The Patterson River system or Carrum as it is better known as by every snapper angler in Melbourne, is not only is the gateway to Port Phillip snapper fishing, but its estuary system and lakes system out the back is one of the most reliable but very challenging bream fishery the state has to offer.


Chasing bream on lures in the lakes system is what really gets lure casters going. Fishing the warmer months when the fish are active and can be seen flashing and mooching on the abundant boat hulls and pylons is when the fishing is at its best, but also at its most challenging.

The fish you can normally see are the ones that are the hardest to catch, but knowing there are fish active and feeding, will keep you casting into the shadows hoping to hook the big one.


Standard bream fishing gear or estuary tackle is more than suitable while bream fishing the structure. A light graphite rod matched with a 2000 sized reel will do the job. Just remember to tighten up the drag and don't go easy on the fish around structure or you will lose the fish and lure if you give them an inch.


Long light leaders for spooky finicky bream is the key when lure fishing for bream in the lakes system. Bait fishing the main river with a light running sinker rig and a size 4 baitholder hook is as good as any rig when targeting them on bait.


Bait anglers love to use sandworms, freshwater yabbies and fresh mussel. A few go-to lures are the Ecogear SX40's when fishing rock walls and flats. Smith Crystal Alives when targeting bream in deeper water on pylons and boat hulls as well as Strike Pro micro vibes. For an all-rounder, the OSP Bent minnows are deadly and when the fishing is tough; generally turning a slow session into a good session.


Casting parallel to rock walls and working hardbodied lures along the bank is a very effective way to catch bream. For fish that you can see actively feeding on pylons and boats hulls, cast a small light sinking hardbodied lure or vibe. Cast the lure to the feeding fish, watch your lure sink down into the depths and normally the fish will follow the lure down out of sight. Then wait for the line to take off and come tight, then strike. If only it was as easy as that.

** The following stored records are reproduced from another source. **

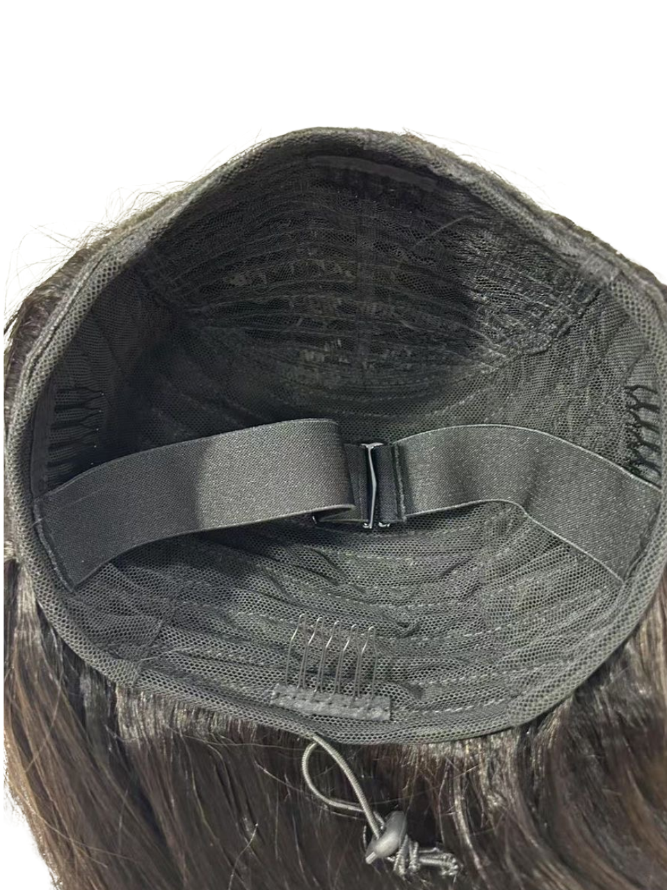 3. Fixez la perruque avec ses peignes intégrés et ajustez l’élastique pour un maintien optimal.
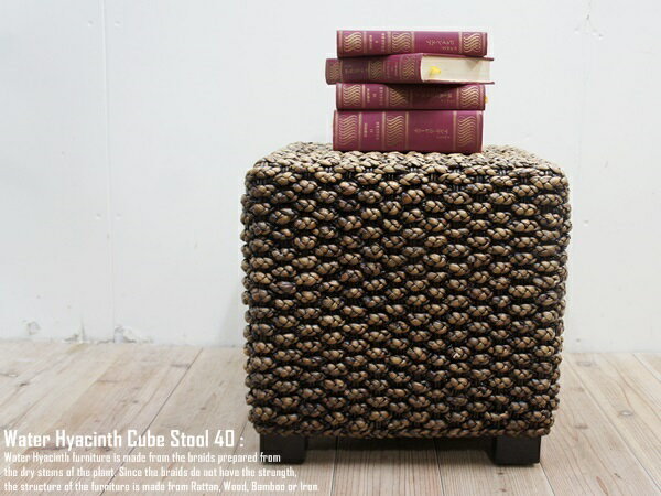 ウォーターヒヤシンス キューブスツール 40DB アジアン家具 アジアンリゾートチェア 四角い椅子 腰掛 木製いす 天然木イス モダンアジアン 完成品 バリ家具 送料無料 ハンドメイド 手造り WHCubeSool40 背もたれなし 業販 卸 スーパーセール
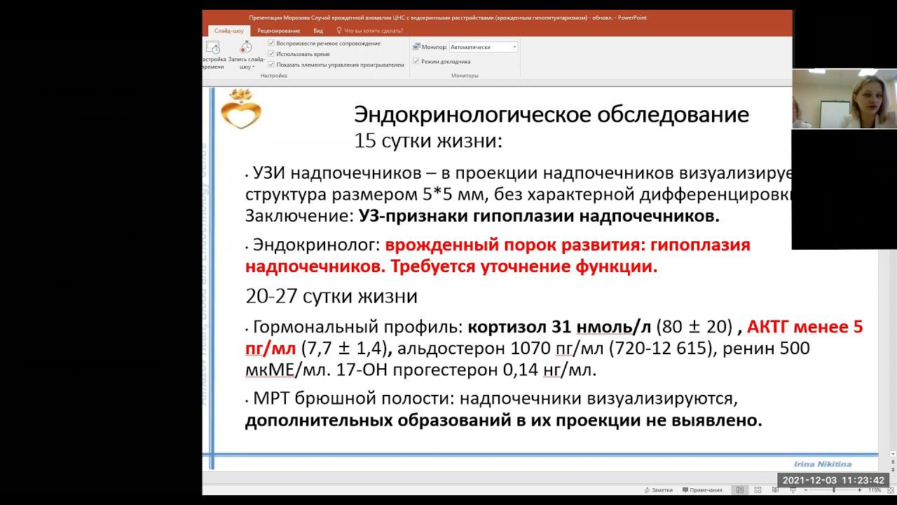 Случай врожденной аномалии ЦНС с эндокринными расстройствами (врожденный гипопитуитаризм)
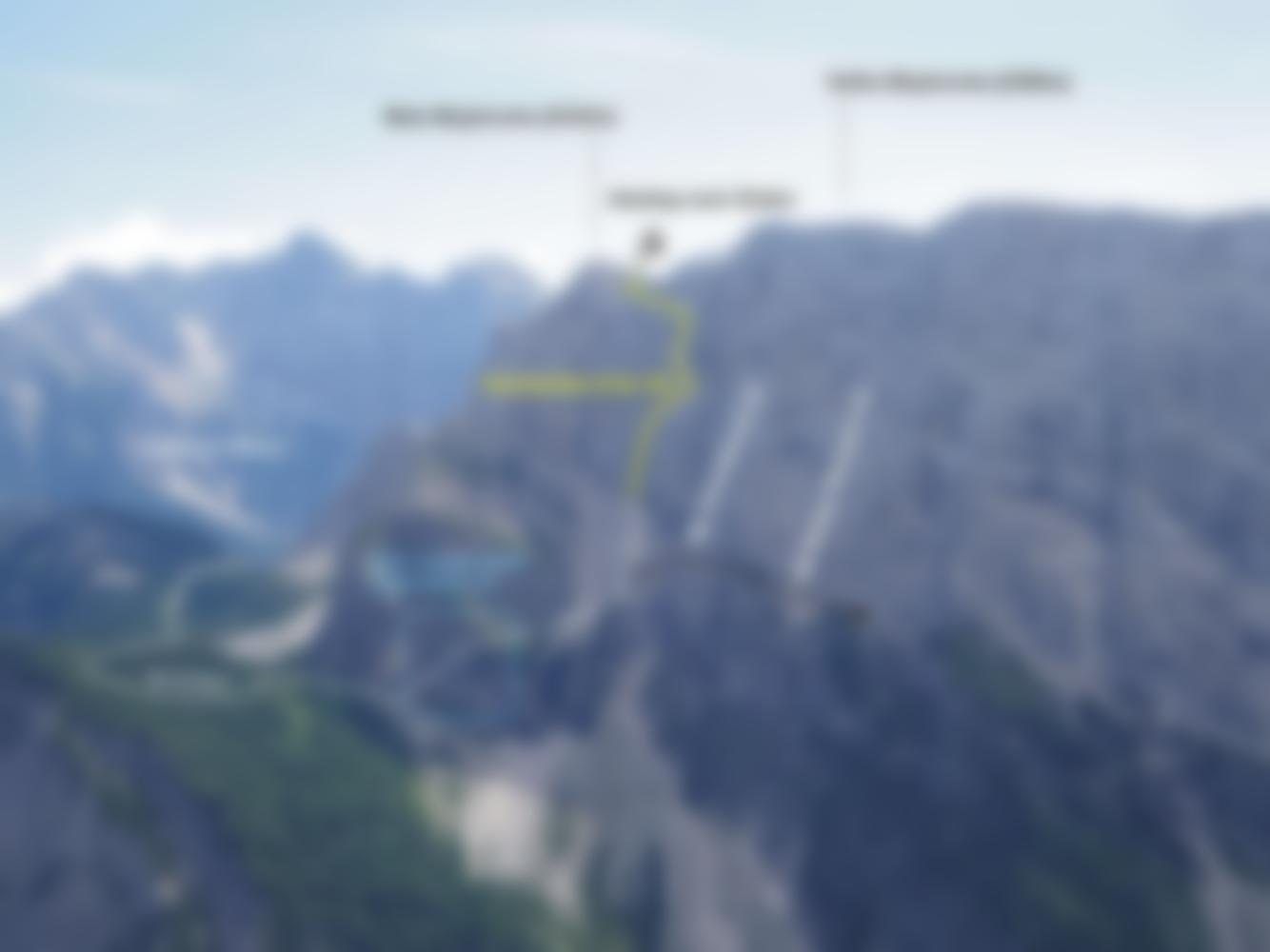 Vom Gipfel der Großen Mojstrovka (Velika Mojstrovka, 2366m) in nordöstlicher Richtung entlang des Grats. Steinmänner führen dann kurz hinab, ein großer Steinmann markiert den Einstieg durch eine kleine Wand ins Kar zwischen Großer und Kleiner Mojstrovka. So gelangt man auf den Normalweg, der von der Kleinen Mojstrovka zum Vrsic-Pass zurückführt. Dieser ist teils Seilversichert, aber problemlos zu machen.
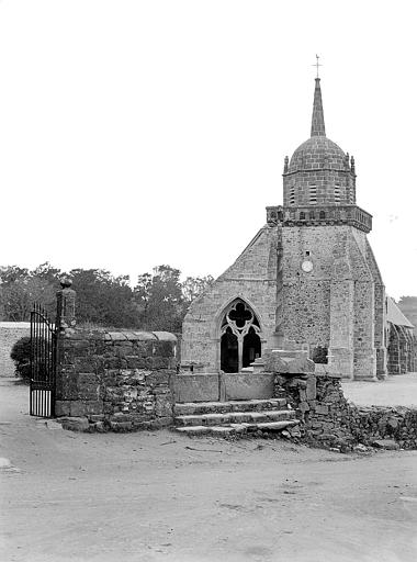 Rare exemple d'architecture romane bretonne, cette église en granit du 12e siècle est surtout intéressante par les sculptures du porche et des chapiteaux historiés de la nef. Y serait représenté, entre autre, le combat du roi Arthur et d'Eflam contre le dragon qui avait élu domicile à l'abri du rocher de Roch Hirglas, près de Lannion. La partie haute de l'édifice, du centre au chevet, est un gothique du 15e siècle.
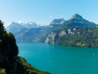 Keywords: lake lucerne switzerland mountains landscape alps meadow
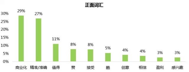正面詞匯“商業(yè)化”源于“微信正在探索商業(yè)化道路”,“精準(zhǔn)/準(zhǔn)確”主要體現(xiàn)在微信利用大數(shù)據(jù)對(duì)用戶進(jìn)行群體劃分。
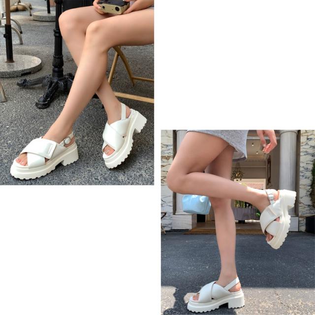 全品送料無料一部除く 日本製 クロスパデット レザー 厚底スポーツサンダル【即納】韓国カジュアル 韓国ガーリー フレンチガーリー リゾート シューズ サンダル パデットベルト 本革 歩きやすい レディース 韓国 Y2Kファッション 韓国ストリート 流行り トレンド かわいい
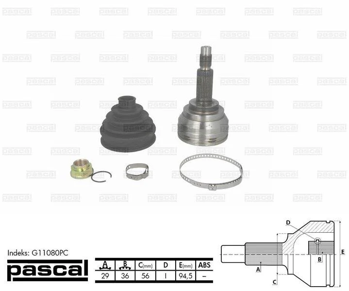 Шарнір приводного валу зовнішній Лів/Прав (29z/36z/56мм ABS:44) NISSAN MURANO I, MURANO II, QASHQAI I, X-TRAIL, X-TRAIL II RENAULT KOLEOS I 1.6D/2.0D/3.5 08.03- PASCAL G11080PC
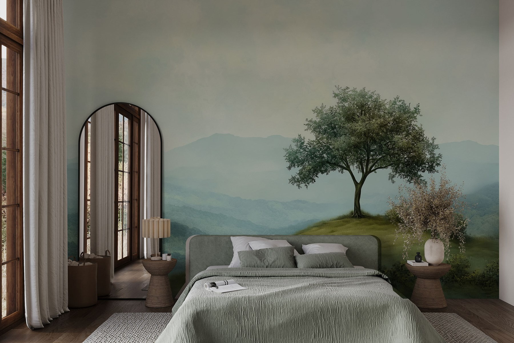 Imagine entrar numa sala acolhedora e sentir instantaneamente uma onda de calma a tomar conta de si. Essa é a magia do “Papel de parede Tree on a Hill”. Esta bela peça capta uma árvore serena sentada graciosamente numa colina suave, com montanhas ondulantes a embalá-la ao fundo. É como trazer um pedaço de natureza pacífica para dentro de casa, sem os mosquitos!
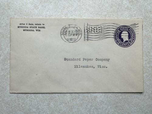 Envelope Postal Cover Muscoda State Bank, Muscoda WI EN175 1932
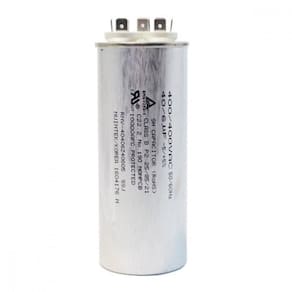 Capacitor duplo de alumínio para ar condicionado LG 40 + 6UF 50/60HZ 400V O capacitor de fase tem a função de corrigir o fator de potência originado pela oscilação de tensão do compressor e motor do ventilador. Podem ser encontrados em dois tipos, Simples e Duplo. Em condicionadores de ar tipo Split encontramos frequentemente o Duplo (compressor + Ventilador), e em condicionadores de ar tipo janela. Possíveis ocorrências: Compressor não liga; Motor do ventilador da unidade Condensadora não liga; Como testar o capacitor? 1 Inicialmente verifique se o capacitor não encontra- se estourado; 2 - Antes de começar os testes, certifique- se que o mesmo encontra- se descarregado; 3 Utilizando um capacimetro meça a capacitância descrita no corpo do capacitor com uma variação de 5%, caso a medida esteja fora da variação de 5% ou não apresente continuidade, o capacitor deverá ser trocado.
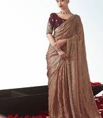Brown Embroidered Cut Work Fancy Fabric Ceremonial Designer Saree
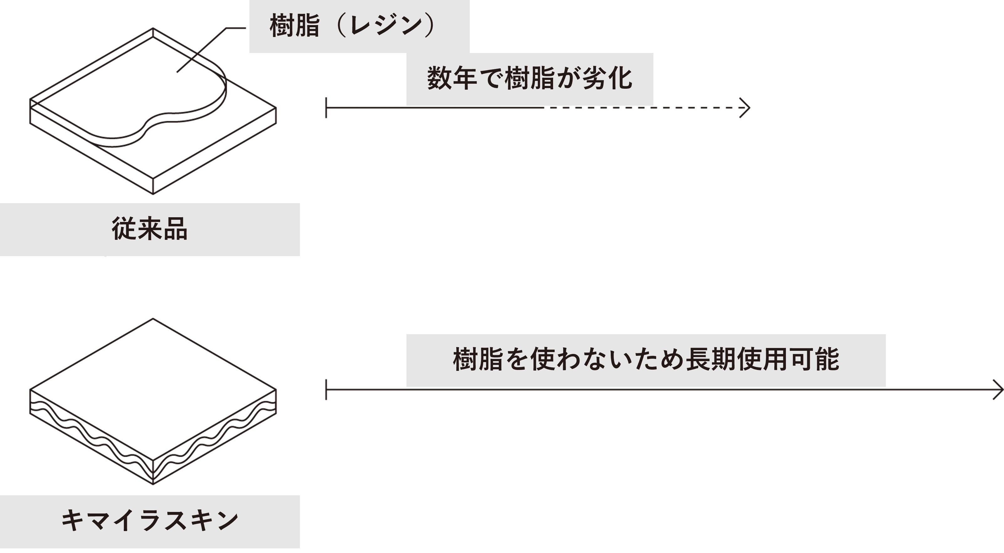 「キマイラ スキン® コート」では、劣化の早い樹脂を使わない特殊製法を採用しており、長期使用が可能なロングライフで、サステナブルな商品です。

As you are fishing in people's backyards just remember to have a bit of respect for their property and don't go damaging any boats or pontoons. The more damage that is caused by anglers means cranky home owners who will try to put a stop to fishing this wonderful system. So make sure your casting is up to scratch before venturing in and casting lures at peoples’ belongings.


This system is better fished on a weekday than a weekend due to the fact that there are plenty of boats that patrol up and down the river and in through the system just for a casual cruise. Plenty of boat traffic means spooky shutdown fish a lot of the time and can make things really tough.

But when fished on a quiet midweek morning, it isn't uncommon to catch 20 fish in a session and have a really hot bite for most of the day.